### WORK TASK
Pictures in the entries below are excluded; copy only the lines from the one containing "厨房是整个房间内最亮眼的风景" to the one containing "まずは50代のベテラン先生。", both included.

### DATA
+++

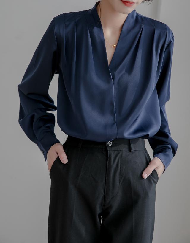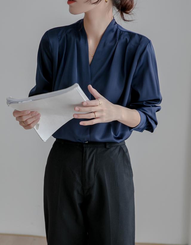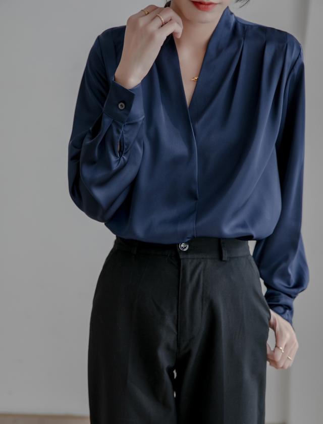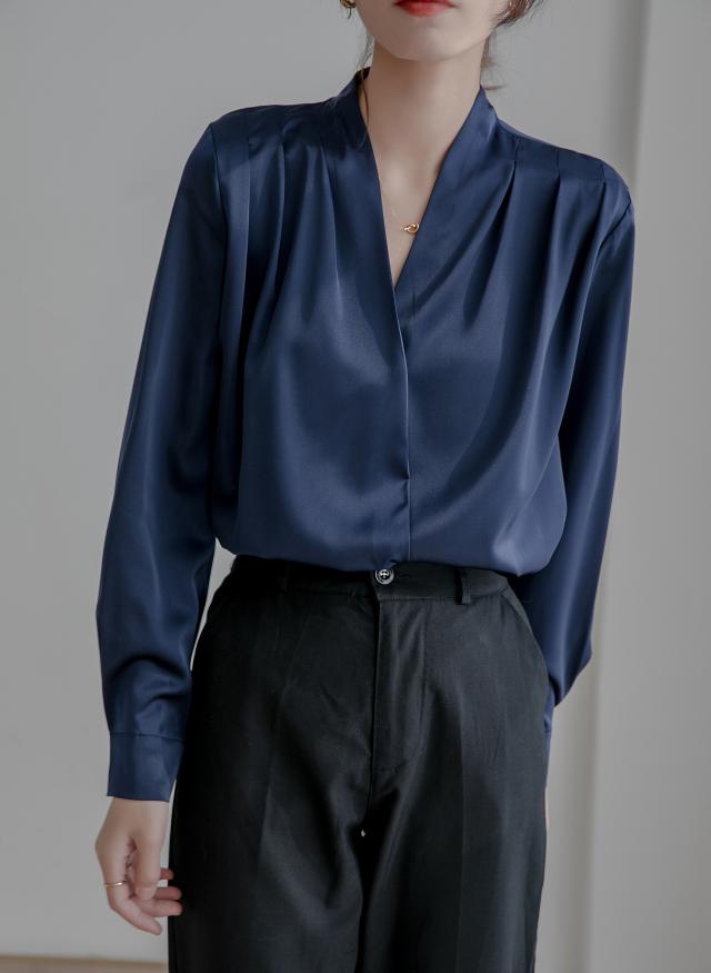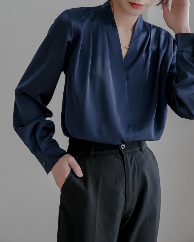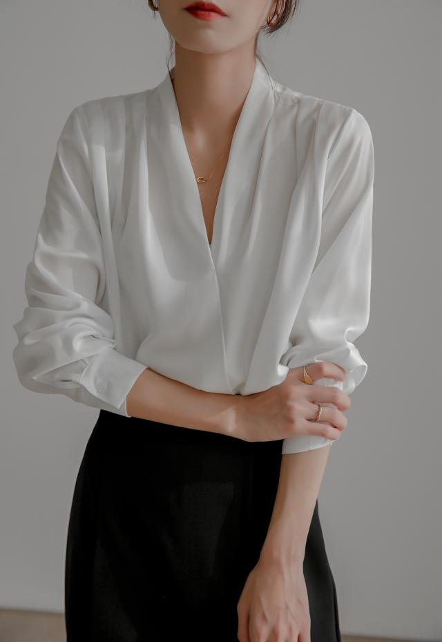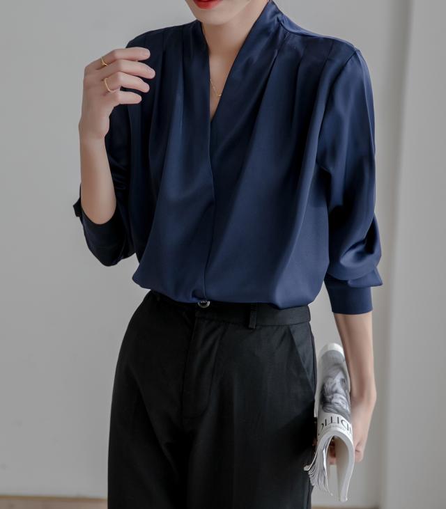 ブラウス 長袖 Vネック レディース サテン 白 ホワイト 紺 ネイビー シフォン サテン セクシー スーツ オールシーズン 春 秋 冬 小顔 ゆったり 大きいサイズ XL 体型カバー オシャレ お洒落 かわいい 大人可愛い きれいめ エレガント 上品 クール かっこいい とろみ 抜け感 こなれ感 ОL オフィス 通勤 入学式 卒業式 パーティー 20代 30代 40代 50代 トップス シャツ Iライン ストレート シンプル 無地 光沢
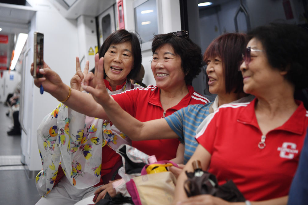 6月29日,乘客在兰州轨道交通2号线列车上拍照留念。新华社记者陈斌摄
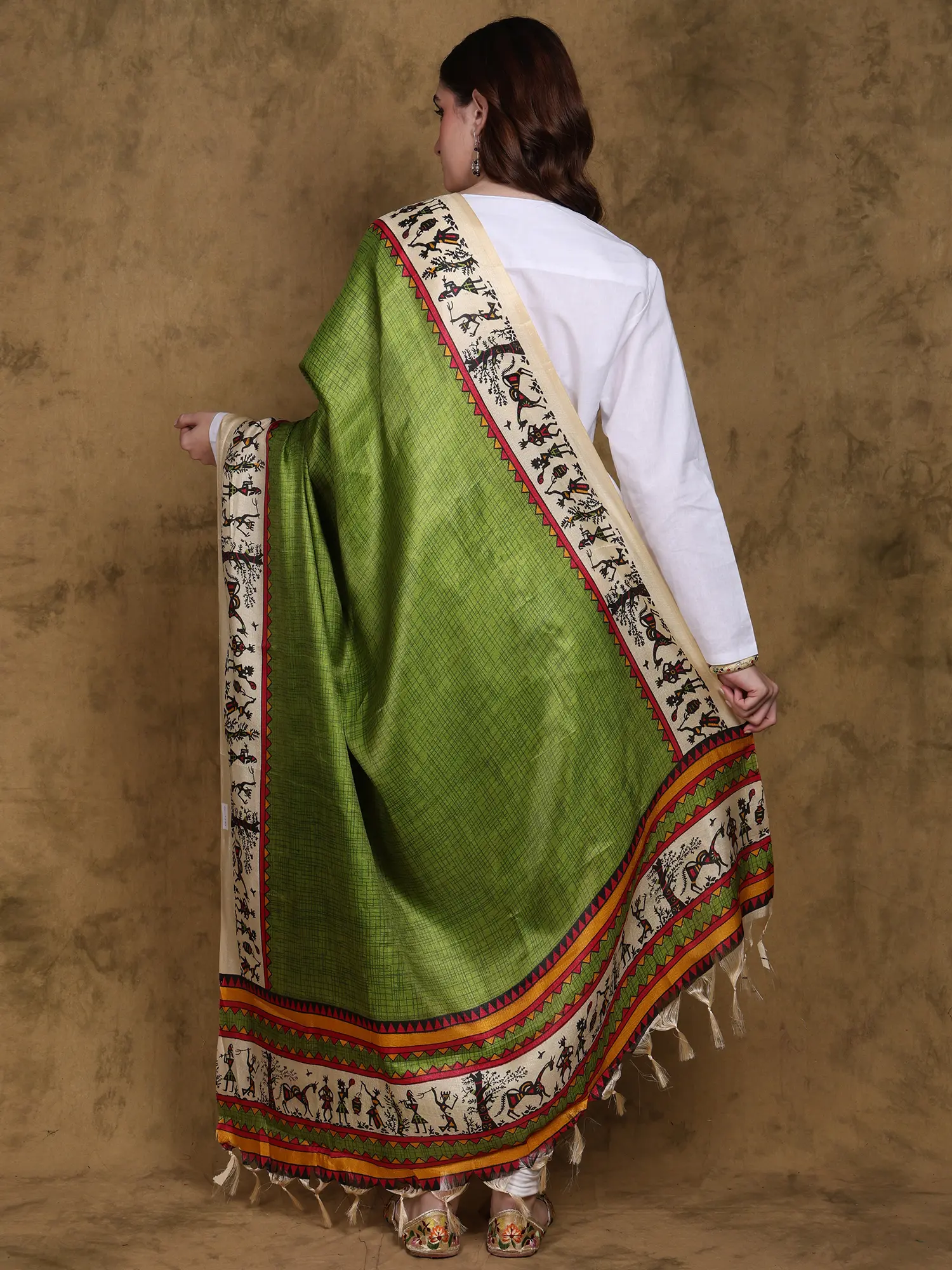 The Warli art print is a captivating element that sets this dupatta apart. This ancient tribal art form from India is known for its simplistic yet expressive depiction of nature and daily life. The charming figures and motifs, rendered in earthy tones of cream, black, and red, bring a unique cultural heritage to this modern accessory. The intricate detail work showcases the skill and artistry behind this traditional craft, making it a true heirloom piece.
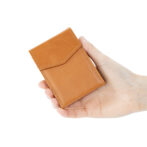 大きく開く形状でも、閉じた時には通常の名刺入れと変わらないコンパクトサイズ感。
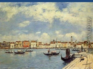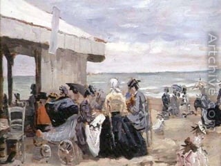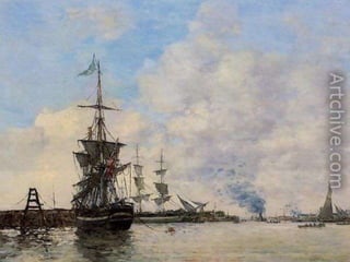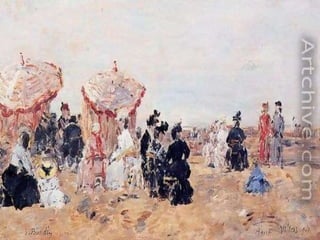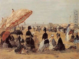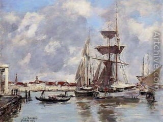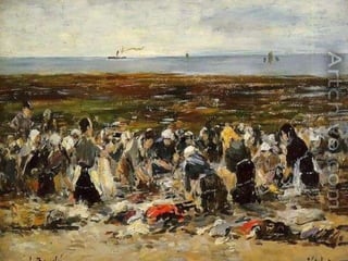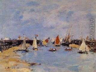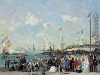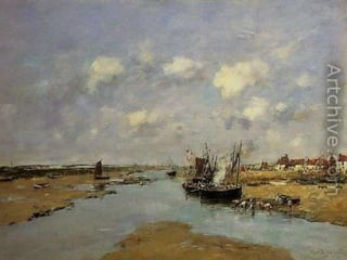 Eugene Boudin fue un pionero paisajista francés que pintaba al aire libre, especialmente paisajes marinos de la costa de Normandía, donde nació e hijo de un piloto. Trabajó inicialmente como ayudante de a bordo en el estuario del río Sena, lo que le permitió estudiar la naturaleza que luego plasmó en su obra.
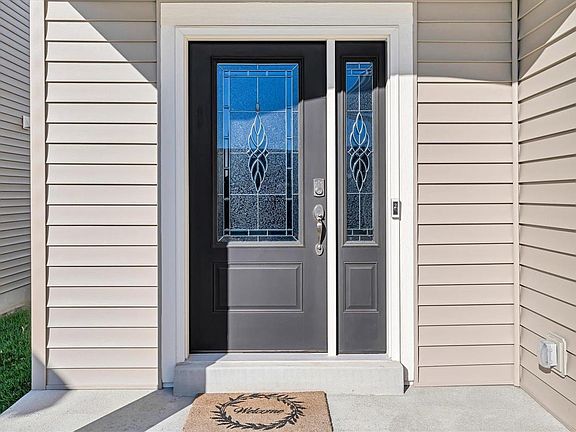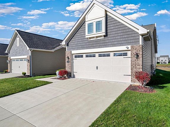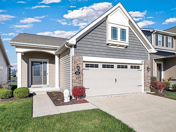 Meet Mr. Copperfield! This stud is a ranch with everything included! That's right, ground maintenance, lawn, & snow removal all for $100/mo. He's situated on a premium lot backing to a lake! Enjoy the view from your extended 12'x18' patio w/side vinyl privacy fencing. Upgraded brick/vinyl exterior welcome you thru leaded glass front door into spacious foyer. Engineered wood flooring in foyer & throughout living area. Kitchen features 42" white cabinetry w/hardware, stone tiled back splash, SS appliances, & quartz counter tops. Center island has breakfast bar, under mount sink! Open floor plan w/ soaring 9' ceiling, some 6 ft windows, transom windows, & extra tall sliding door allow lots of natural light! 2 panel white interior doors! Master suite has full bath w/adult height DBL bowl vanity w/drawer stack & cultured marble shower + wlk-in closet! Prairie grilles, carriage style garage doors, irrigation system, & so much more to love. Egress window & bathroom rough-in in lower level.
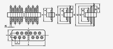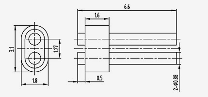| 2-JD154330-0.5(5.8-2)-5 | Al = 5,8 A2 = 5,1 | B1 = 2 B2 = 1,3 | 1.5 | 4.3 | 3 | 1.27 | 0.5 | 1.5 | 5 | 2 | Juotos Yläpuolen litistys |
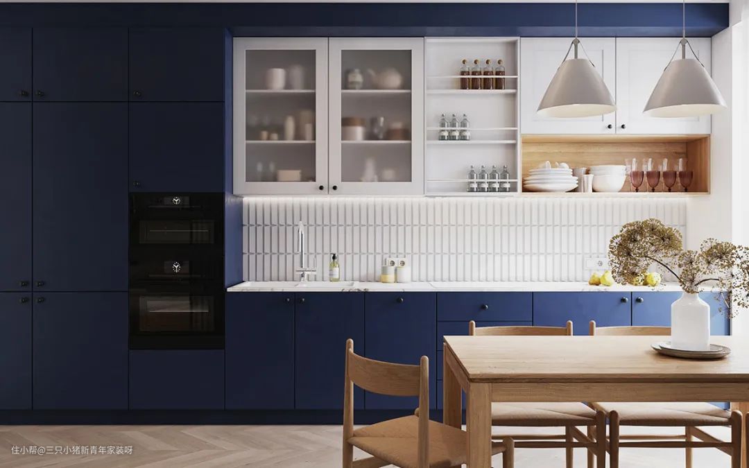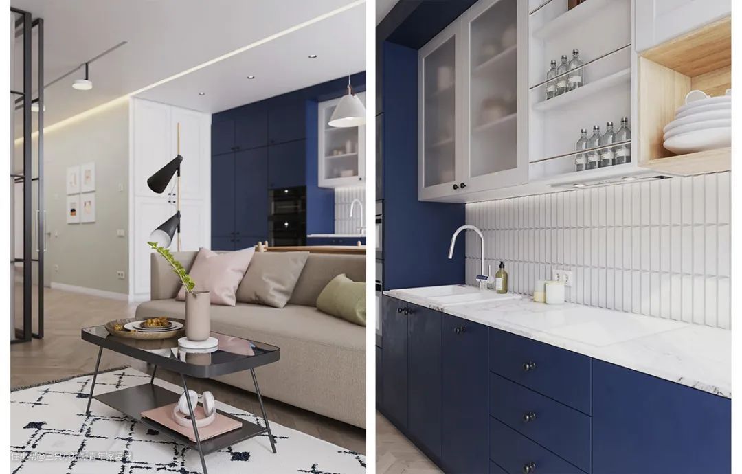 厨房是整个房间内最亮眼的风景线,克莱因蓝搭配白色墙面和白色瓷砖的点缀,颜色鲜明对比。橱柜在自然光线的反射下视觉上建立了一种错觉感。
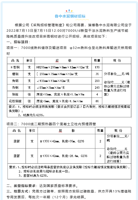 【招標(biāo)公告】魯中水泥
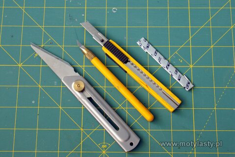 Noże do cięcia, powiem krótko najlepszym jest najdroższy nóż na jaki nas stać. Odradzam używania noży łamanych firm ......... które zakupiliśmy okazyjnie w TESCO za 4 zł. Takie nożyki możemy stosować do ostrzenia ołówków i innych rzeczy, ale nie do cięcia depronu. Ostrze noża musi być sztywne, nie latać na boki w plastikowych oprawach. Co polecam ?. No cóż OLFA mi za reklamę nie płaci,
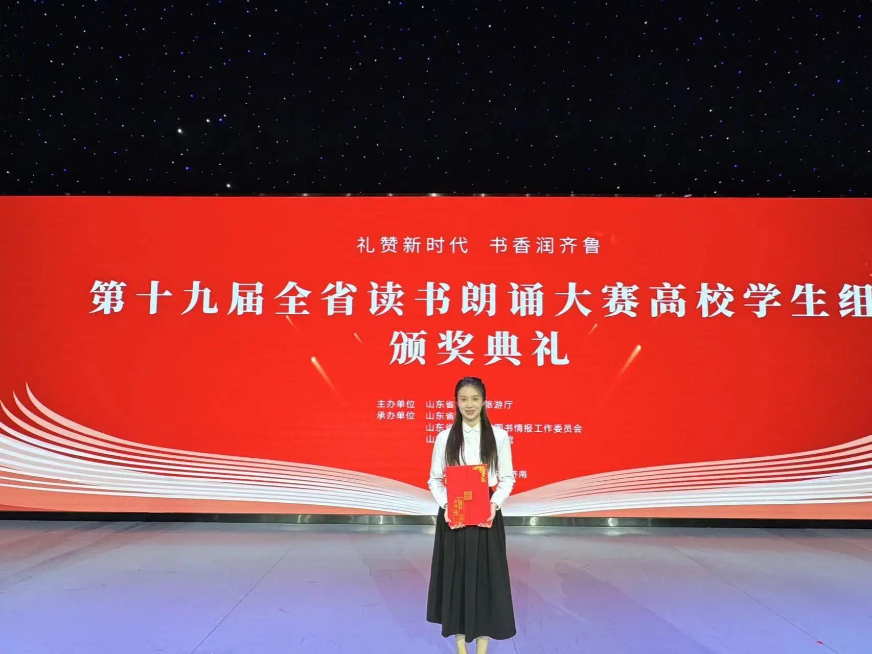 近日,戏剧学子在第八届“爱我国防”山东省大学生主题演讲大赛喜获一等奖,在“礼赞新时代·书香润齐鲁”第十九届全省读书朗诵大赛的高校学生组决赛摘得一等奖和二等奖两个奖项,一起来看看她们的风采吧!
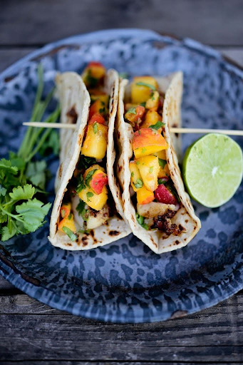 Grilled Chipotle Fish Tacos with Peach Salsa
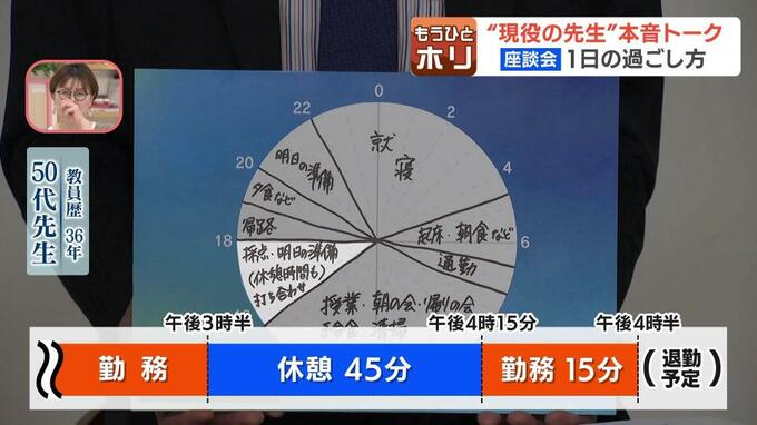 まずは50代のベテラン先生。朝4時半に起きて出勤。就業後、午後3時半まで休みなく働き続けています。
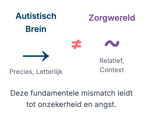 Het begint allemaal bij de basis: autisme is geen set van gedragingen, maar een andere manier van informatie verwerken. Het autistische brein, mijn brein, denkt absoluut en precies. Als een arts zegt “beweeg wat meer”, dan is dat geen vrijblijvend advies, maar een concrete opdracht. De wereld van de gezondheidszorg, daarentegen, is een en al relativiteit. “Straks”, “een beetje pijn”, “binnen enkele dagen”… het zijn voor veel autistische mensen mistbanken van onzekerheid.
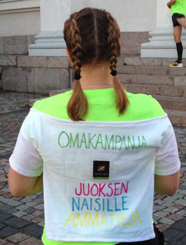 Itsessään massajuoksutapahtumassa on aina oma mukava tunnelmansa, mutta tällä kerralla sitä lisäksi kohotti juoksuni erityisluonne – en juossut vain omaksi ilokseni, vaan juoksin monen kehitysmaan naisen tueksi. Juoksuani siivitti ajatuksissani myös hankettani kannattaneiden kannustukset – ja heidän uskonsa kampanjan mahdollisuuksiin vaikuttaa monen vähempiosaisen arkeen. Olin askarrellut virallisen juoksupaidan päälle selkääni laitettavan omakampanjamainoksen, jota kyllä ihan ylpeästi esittelin juoksun aikana Helsingin yössä teiden varsien kaupunkilaisyleisölle. Ehkä jollekulle jäi mieleen sana omakampanja!
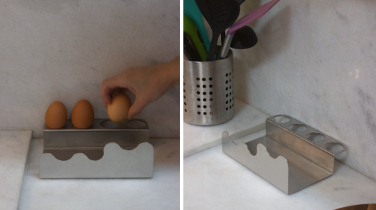 Apoio de cozinha em aço inox dobrado a partir de uma única chapa. O objeto organiza talheres e acomoda ovos, funcionando como estação entre despensa e preparo. Disponível em versões compacta e ampliada.
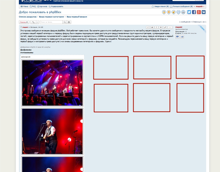 Первое сообщение, попал на ваш форум и понял что мне интересен phpbbex, т.к. много можно делать, ковырять и т.д. Ну это ладно, вопрос по загрузке изображений, поставил первый форум на phpbbex, загружаю фотографии в топик и они не красиво расположены.
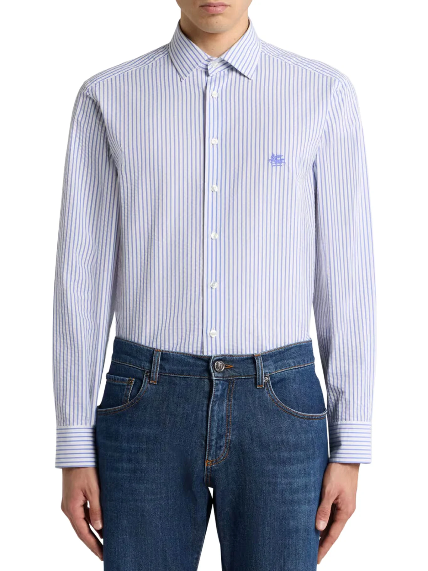 - Pointed collar - Button closure - Double-button cuffs - Seersucker cotton - Striped pattern - Small embroidered Pegasus logo on the chest - Regular fit - The model is 186 cm tall and wears a size 39 - Color: White/Blue Made in Italy Composition: Cotton 100% cotton Color code: S8460 BICOLOR MRIB000299TR5A9S8460
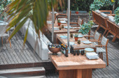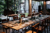 Szklane goblety na stole. Tabela doręczany. Ustawienia stołu
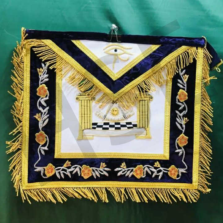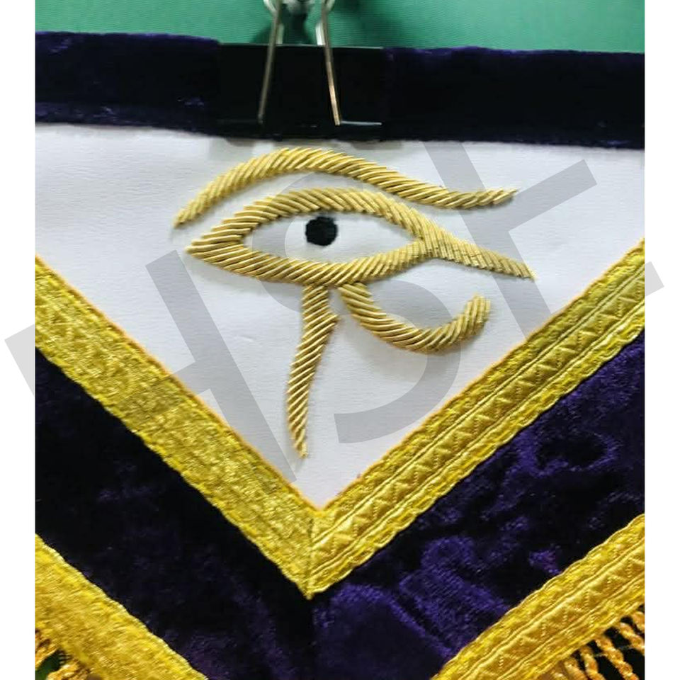 Tablier maçonnique brodé à la main avec franges dorées, Regalia de Loge Violette
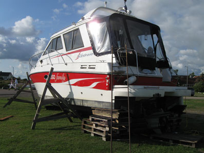 En annan båt som fått motorhaveri och måste byta drev lyftes upp för någon dag sedan.

+++

### YOUR RESPONSE
 厨房是整个房间内最亮眼的风景线,克莱因蓝搭配白色墙面和白色瓷砖的点缀,颜色鲜明对比。橱柜在自然光线的反射下视觉上建立了一种错觉感。
 【招標(biāo)公告】魯中水泥
 Noże do cięcia, powiem krótko najlepszym jest najdroższy nóż na jaki nas stać. Odradzam używania noży łamanych firm ......... które zakupiliśmy okazyjnie w TESCO za 4 zł. Takie nożyki możemy stosować do ostrzenia ołówków i innych rzeczy, ale nie do cięcia depronu. Ostrze noża musi być sztywne, nie latać na boki w plastikowych oprawach. Co polecam ?. No cóż OLFA mi za reklamę nie płaci,
 近日,戏剧学子在第八届“爱我国防”山东省大学生主题演讲大赛喜获一等奖,在“礼赞新时代·书香润齐鲁”第十九届全省读书朗诵大赛的高校学生组决赛摘得一等奖和二等奖两个奖项,一起来看看她们的风采吧!
 Grilled Chipotle Fish Tacos with Peach Salsa
 まずは50代のベテラン先生。朝4時半に起きて出勤。就業後、午後3時半まで休みなく働き続けています。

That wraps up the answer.